Она разсмѣялась, и Борисъ вмѣстѣ съ нею.
— Какой же я для тебя баринъ? — сказалъ онъ.
— То-то же и есть. Ты командовать надо мной не вздумай. А какъ же съ Машенькой-то теперь; новую мамзель возьмете, что-ли, или сама Софья Николавна учить ее будетъ?
— Не говорилъ еще я объ этомь, няня. Да зачѣмъ брать мамзель; она сама ею будетъ заниматься, учителя ходить станутъ.
— Такъ вы втроемъ и будете проживать, точно молодой баринъ съ барыней, — проговорила старушка шутливо. — Ты смотри, Боря, тетка-то видишь какая красавица… ты больно-то на нее не засматривайся: ученье-то на умъ не пойдетъ.
— Что же, няня, — отвѣтилъ Борисъ улыбаясь: — вѣдь поневолѣ заглядишься, коли хорошенькая… И потомъ, точно испугавшись, оьъ прибавилъ: — мы Машей будемъ вдвоемъ заниматься. Вотъ что я тебѣ хотѣлъ сказать: чтобы тебѣ теперь за Машей не присмотрѣть? Какъ бы это хорошо было! Ты какъ объ этомъ думаешь?
— Я-то? Я, пожалуй, съ моимъ удовольствіемъ: на ногахъ еще хожу бодро, да какъ Софья-то Николавна…
— Помилуй, она будетъ очень рада. Вѣдь ты сама знаешь, при Машѣ никого нѣтъ; дѣвчонка при ней, Варька… все это безпорядокъ… Тебѣ, вѣдь, всегда хотѣлось нянчить Мяшу?
— Какъ же не хотѣться, извѣстно хотѣлось. Вотъ ты меня и гонишь отъ себя, — прибавила она улыбаясь: — только въ гости къ тебѣ буду ходить.
— Да это еще не все, няня, я ня тебя еще должность взвалю…
— Это какую?
— Ты у насъ и экономкой будешь.
— Когда же я успѣю, что ты! Какъ же можно одному человѣку?
— Да какое у насъ хозяйство, всего-то двое. Нѣтъ, ты уже не отказывайся. Мнѣ изъ тѣхъ старухъ никто не нравится. Пожалуйста.
Борисъ началъ цѣловать старуху.
— Да ну, инъ Богъ съ тобой!

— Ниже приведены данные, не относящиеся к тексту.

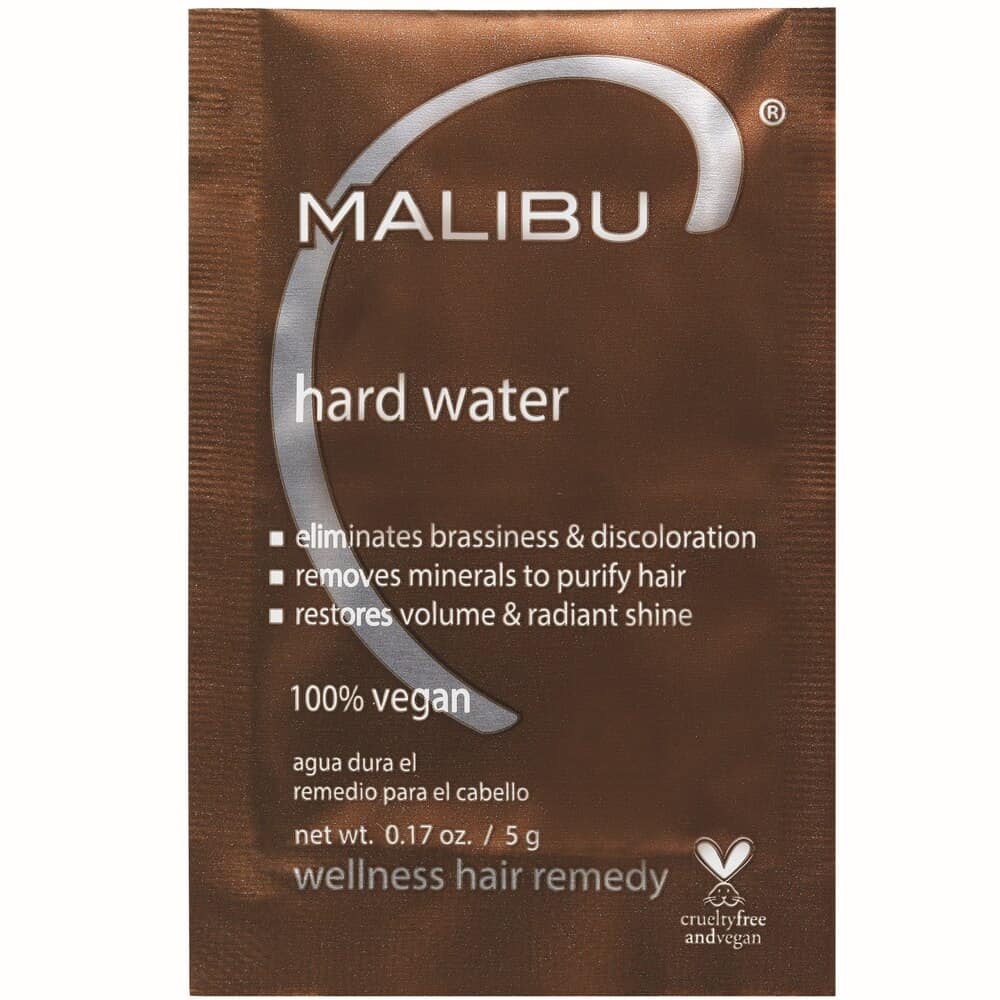 Malibu C Hard Water Wellness Hair Remedy single-use packet, brown with white text
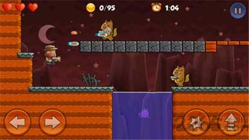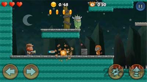 2、简单的触屏控制:左下角控制角色移动,右下角控制跳跃与攻击敌人。
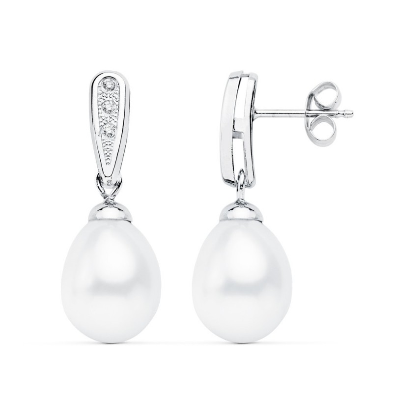 El tiempo es muy distinto y eso condiciona el vestido de la novia y, por ende, todo lo que rodea a esta gran pieza. Si atendemos a la joyería, hay que tener en cuenta que los escotes de los vestidos suelen ser más cerrados. Por esta razón, los pendientes tienden a ser más cortos para no recargar demasiado la zona de la cara y el cuello. Aún así, si prefieres usar unos pendientes más llamativos coge algunos en forma de lagrima que no sean excesivamente largos como los que ofrece Inmaculada Romero en oro blanco.
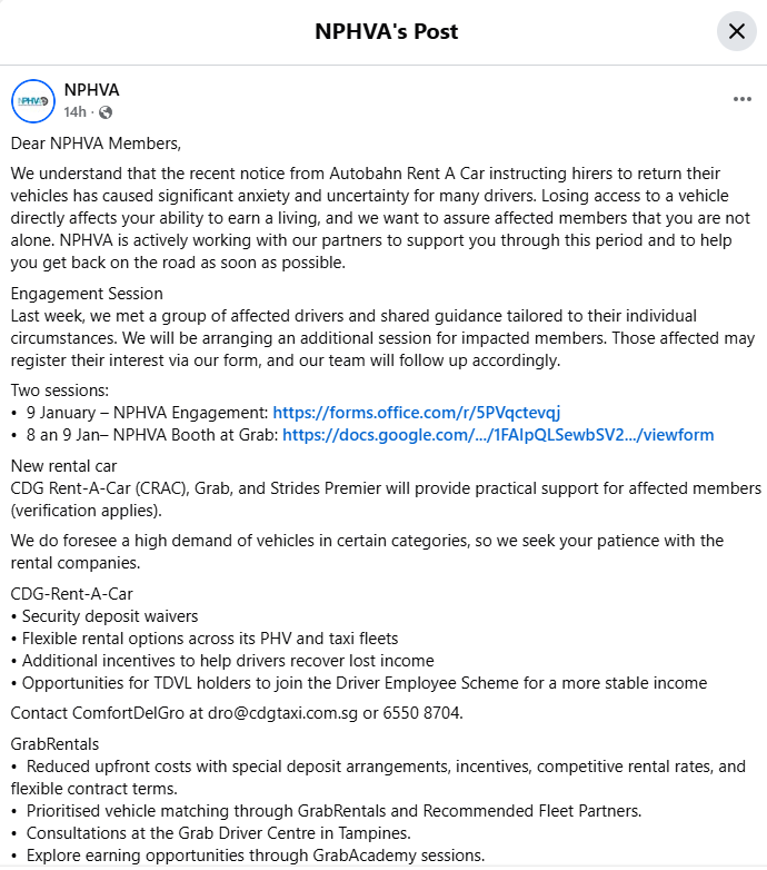 On Tuesday (6 Jan), the National Private Hire Vehicles Association (NPHVA) said it had met affected drivers to address rental disputes and vehicle repossessions linked to financial difficulties at rental companies.
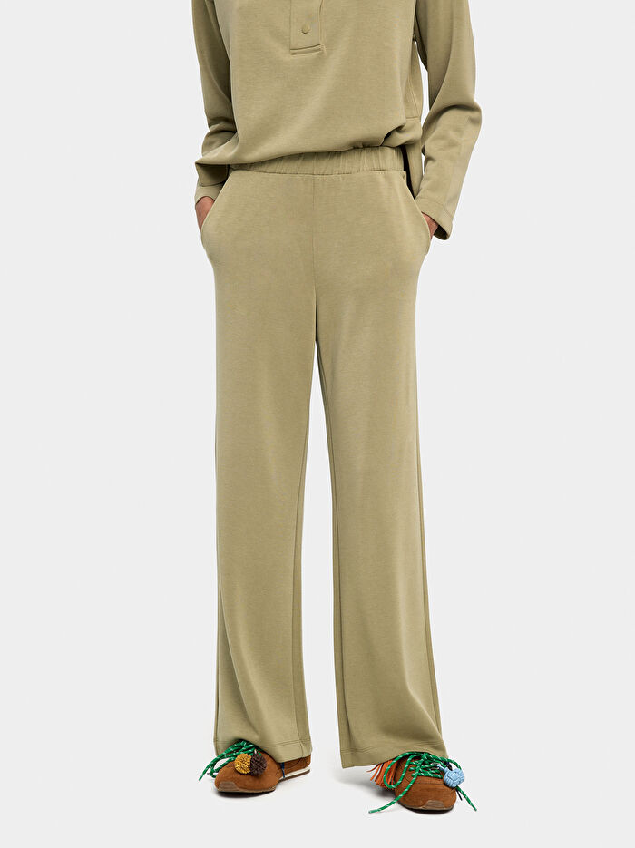 Elastik bel. Düz kesim. Yan cepler. Yumuşak dokunuş. Model 1,80 m boyunda ve XS-S beden giyiyor.
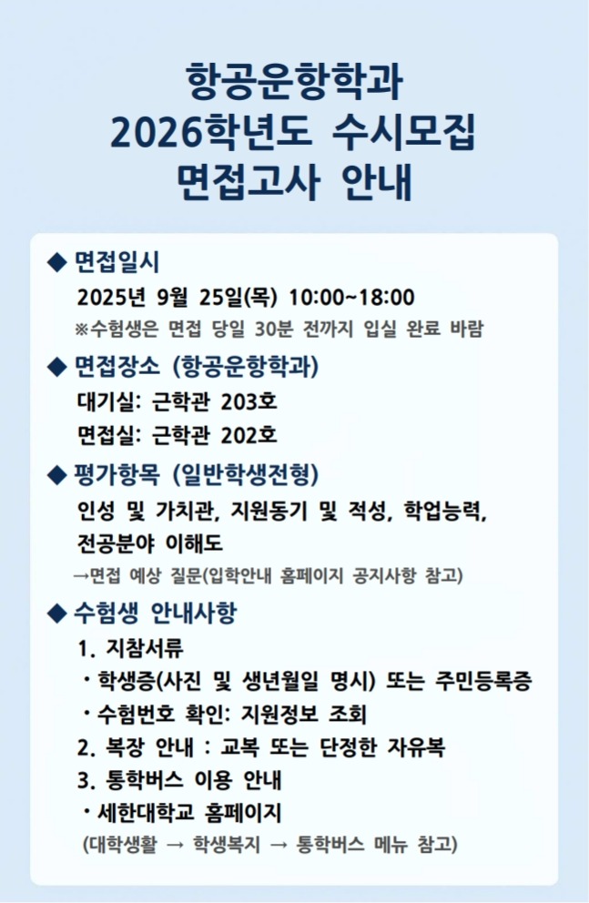 2025년 세한대-플로리다텍 항공운항학과 복수학위제도 3기 학생 선발 공고_250812
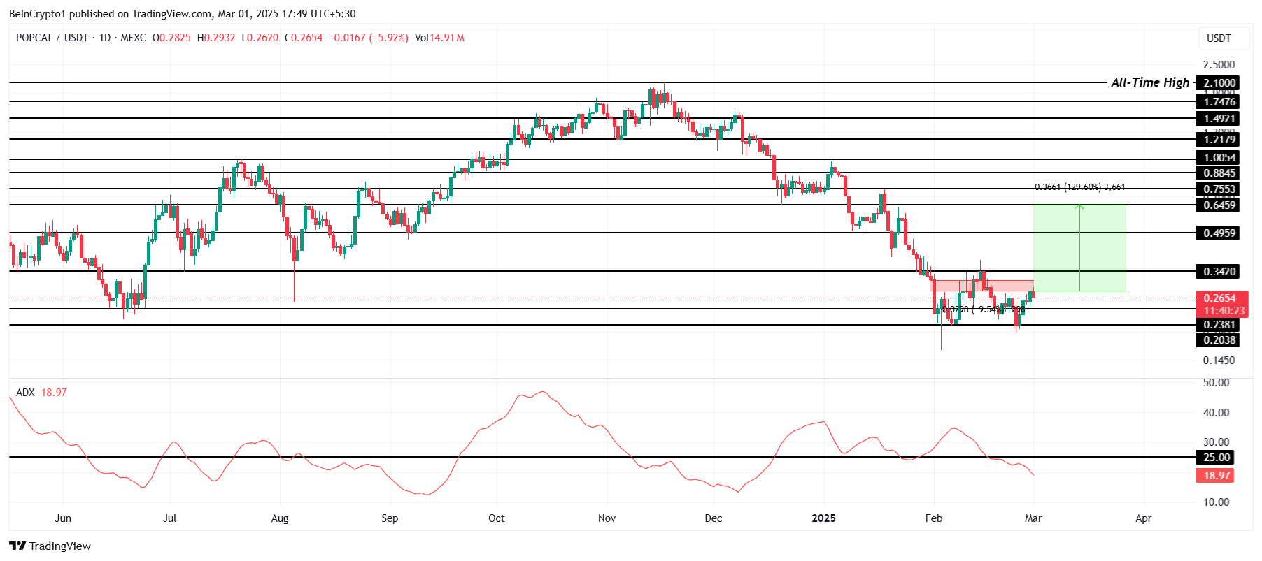 I tidligere markedscyklusser har et opsving fra $0.238 støtten, kombineret med bullish signaler, drevet stigninger op til $0.645. ADX ligger i øjeblikket under 25.0 grænsen, hvilket indikerer svækkende bearish momentum.
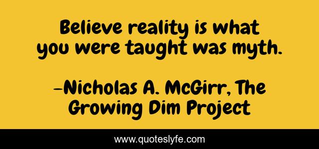 This page presents the quote "Believe reality is what you were taught was myth.". Author of this quote is Nicholas A. McGirr, The Growing Dim Project. This quote is about mythology, believe, myth, reality,.
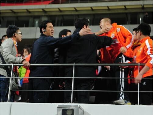 中场休息时,有网友爆料称,有几名鲁能球迷同现场的安保发生了冲突。据这位网友的爆料,冲突的起因是韩国安保要求没收鲁能球迷协会会旗和国旗,而鲁能球迷予以了拒绝。在双方理论的过程中,有一名鲁能球迷被韩国安保一把推倒在地。
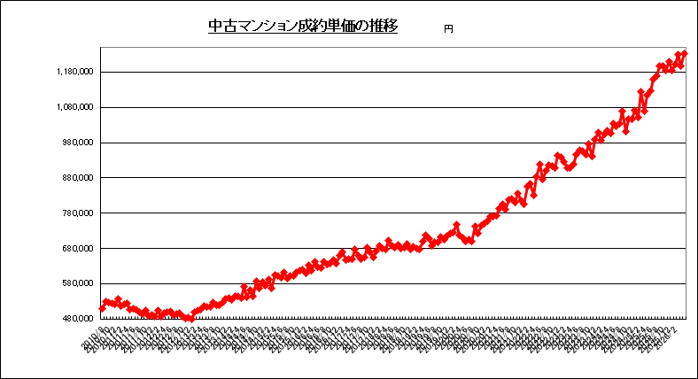 成約㎡単価は、1,210,600円で、前月比は+15.7%、前年同月比は+2.2%でした。
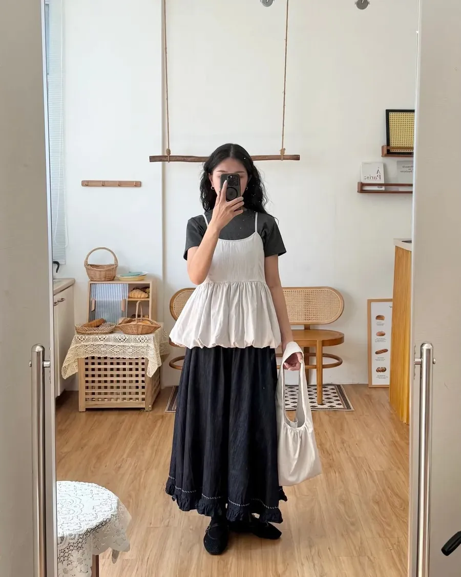 縫線花邊設計款牛仔散裙
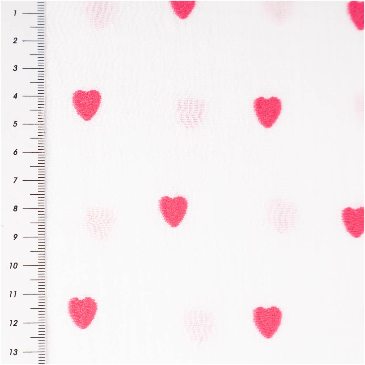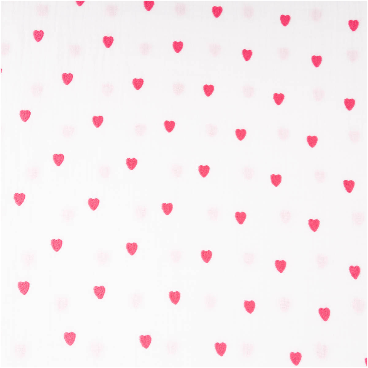 Musselin Stoff mit Herzchen Stickerei als Meterware in Weiß und Neonpink
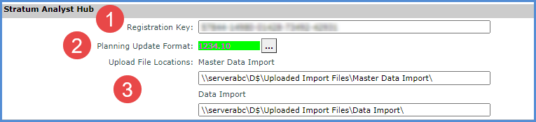 Registration Key – A valid key is required to activate licensed instances of the Stratum Analyst Hub, which provides Planning and Data Import functionality. If you receive a message about an invalid key, contact Silvon Support at (800) 474-5866 or CustomerSupport@silvon.com. If your company is not using this functionality, leave this key field blank. |
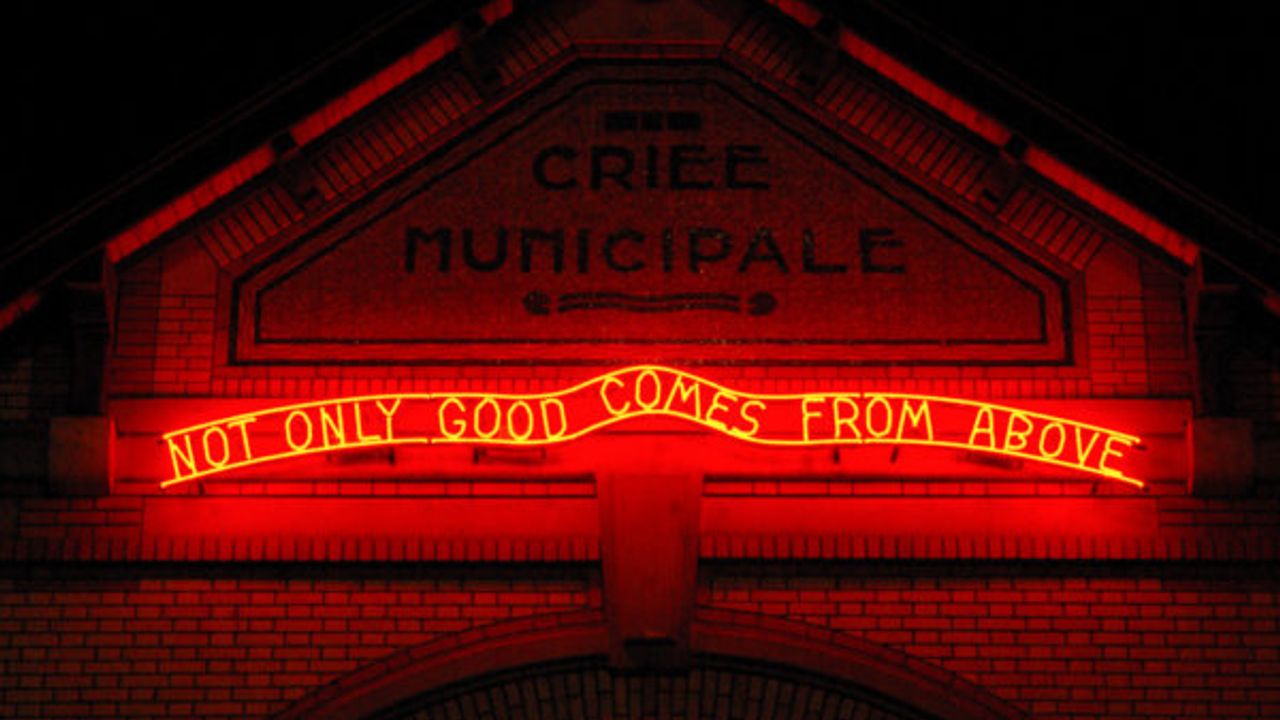 Not only good comes from above (« il n’y a pas que le bien qui vient de là-haut »), est une installation en néon rouge accrochée sur la façade au-dessus de l’entrée principale du centyre d’art.

Какъ прикажешь, ты вѣдь теперь баринъ у меня, — говорила старушка веселымъ голосомъ, пятясь назадъ.
Послышался стукъ.
— Это ты, Яковъ? — спросилъ Борисъ.
— Я-съ, — отозвался Яковъ за дверью: — умываться прикажете?
— Войди, войди. Ну, няня, ты сходила бы туда, къ Софьѣ Николаевнѣ; узнай, что она пьетъ по утрамъ: чай или кофе?
— Хорошо. Только вотъ что, долговязый: Фицка-то теперь такъ запыхалась, что у ней ничего не допросишься.
— Ну, ужъ ты тамъ какъ-нибудь распорядись.
Мироновна ушла. Явился Яковъ съ умывальникомъ и полотенцемъ. Борисъ, умывшись и оправившись, подумалъ о бабушкѣ.
Яковъ доложилъ ему также, что Пелагея Сергѣевна приказывала на счетъ кареты и почтовыхъ лошадей.
Борису казалось все невозможнымъ, что она такъ скоро соберется, да ему этого совсѣмъ и не хотѣлось.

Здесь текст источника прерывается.